- **Requirement**
With the pictures left out, print exactly the lines below that run from the one containing "The 8 of Swords" through the one containing "黑色的过膝半身裙,带有简单的".

- **Input data**
────
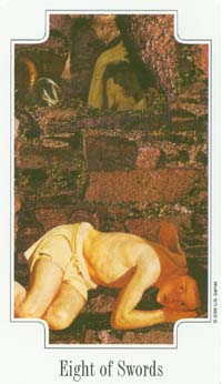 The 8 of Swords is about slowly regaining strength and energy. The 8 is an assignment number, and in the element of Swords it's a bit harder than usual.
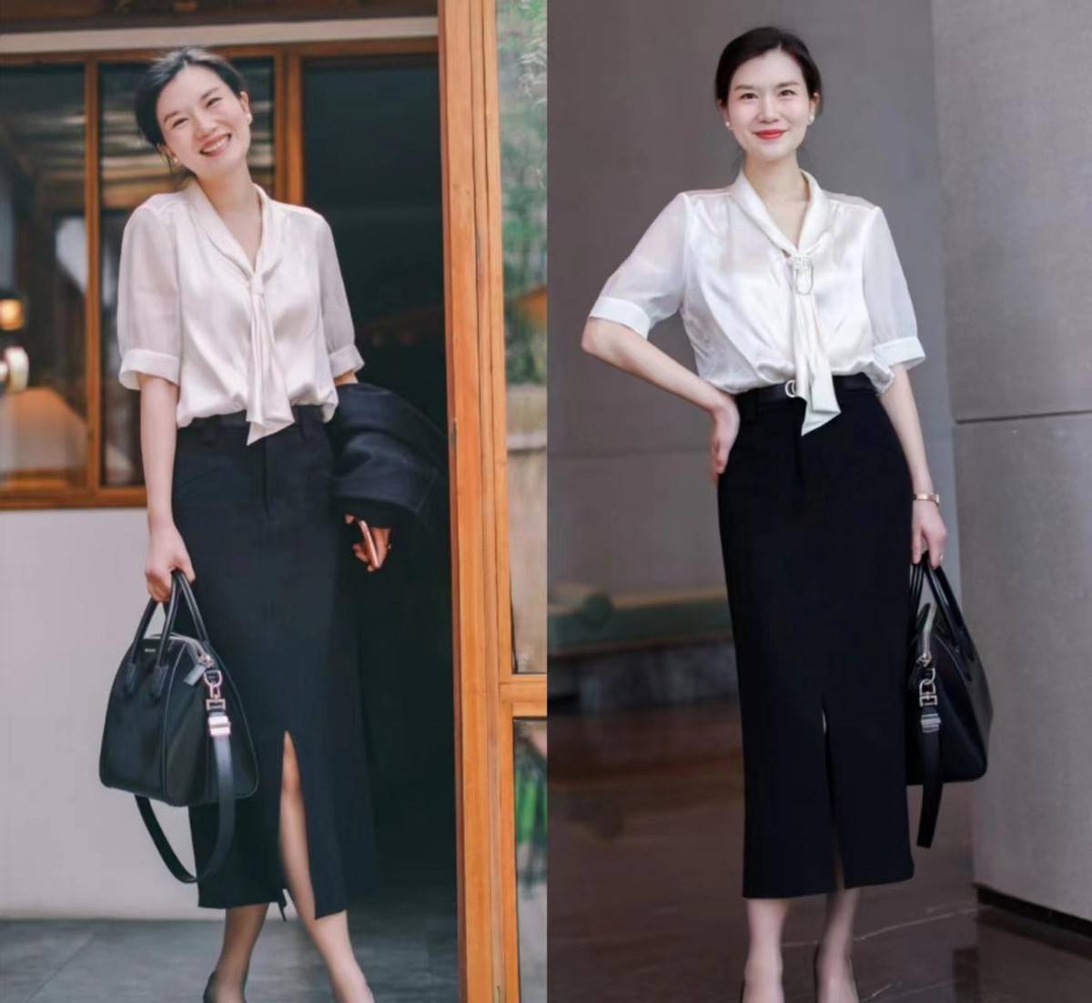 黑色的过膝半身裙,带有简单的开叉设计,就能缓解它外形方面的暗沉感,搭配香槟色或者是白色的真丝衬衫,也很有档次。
────
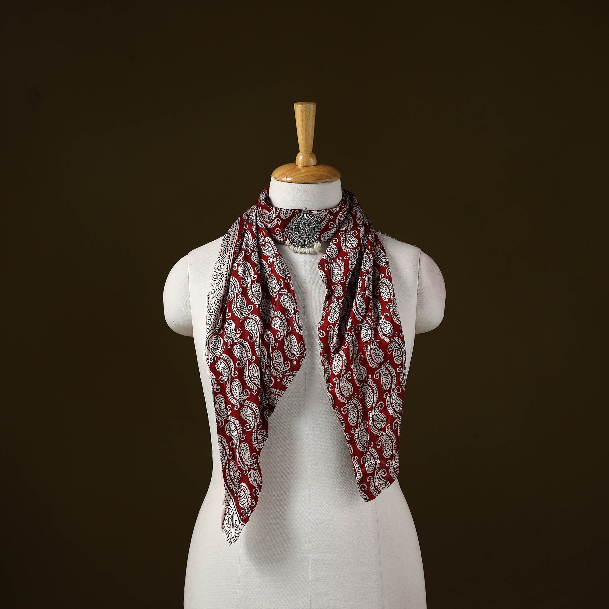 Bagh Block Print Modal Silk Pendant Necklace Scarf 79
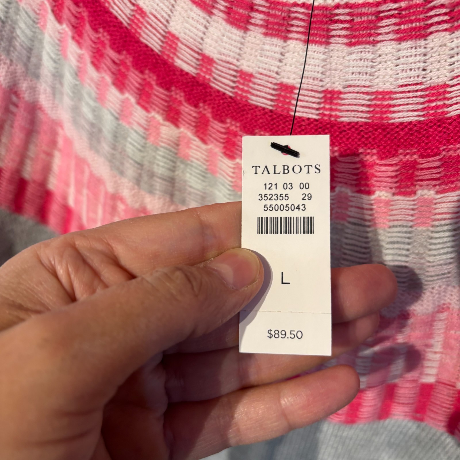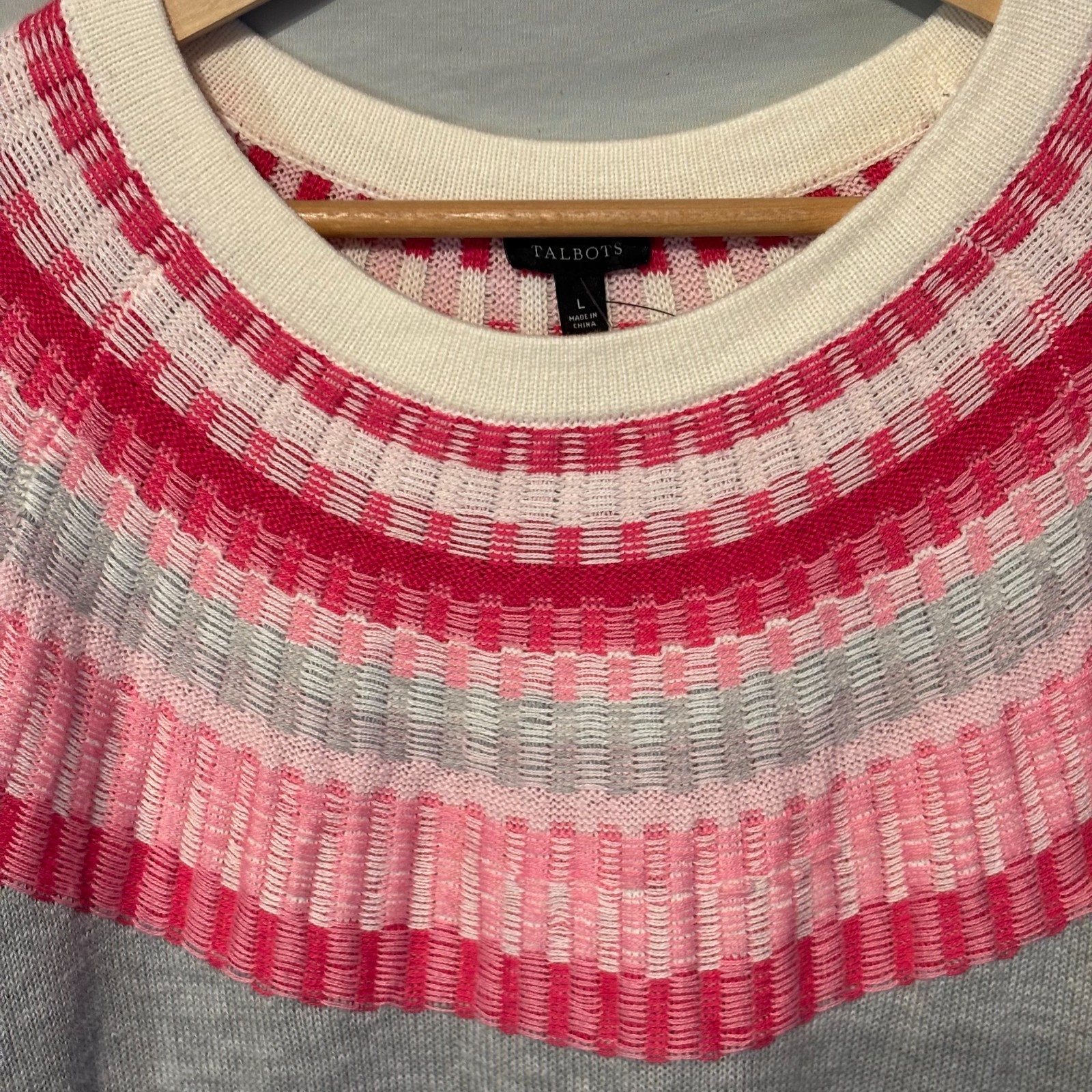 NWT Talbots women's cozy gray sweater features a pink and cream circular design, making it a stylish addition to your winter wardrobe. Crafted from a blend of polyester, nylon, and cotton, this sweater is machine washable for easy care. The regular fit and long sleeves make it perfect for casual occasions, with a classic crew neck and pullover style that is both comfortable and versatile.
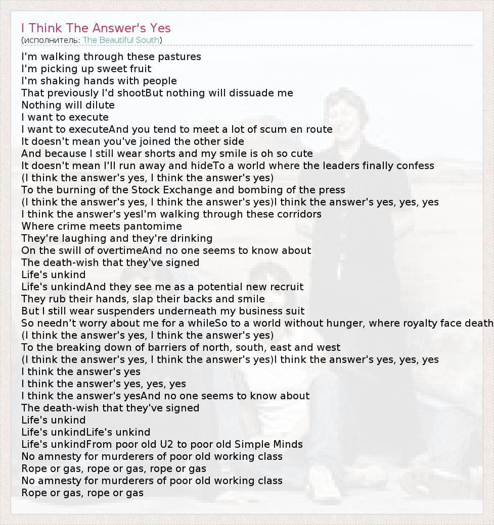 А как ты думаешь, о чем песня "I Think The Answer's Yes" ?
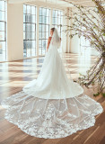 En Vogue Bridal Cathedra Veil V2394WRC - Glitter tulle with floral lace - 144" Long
────
- **Exercise response**
 The 8 of Swords is about slowly regaining strength and energy. The 8 is an assignment number, and in the element of Swords it's a bit harder than usual.
 黑色的过膝半身裙,带有简单的开叉设计,就能缓解它外形方面的暗沉感,搭配香槟色或者是白色的真丝衬衫,也很有档次。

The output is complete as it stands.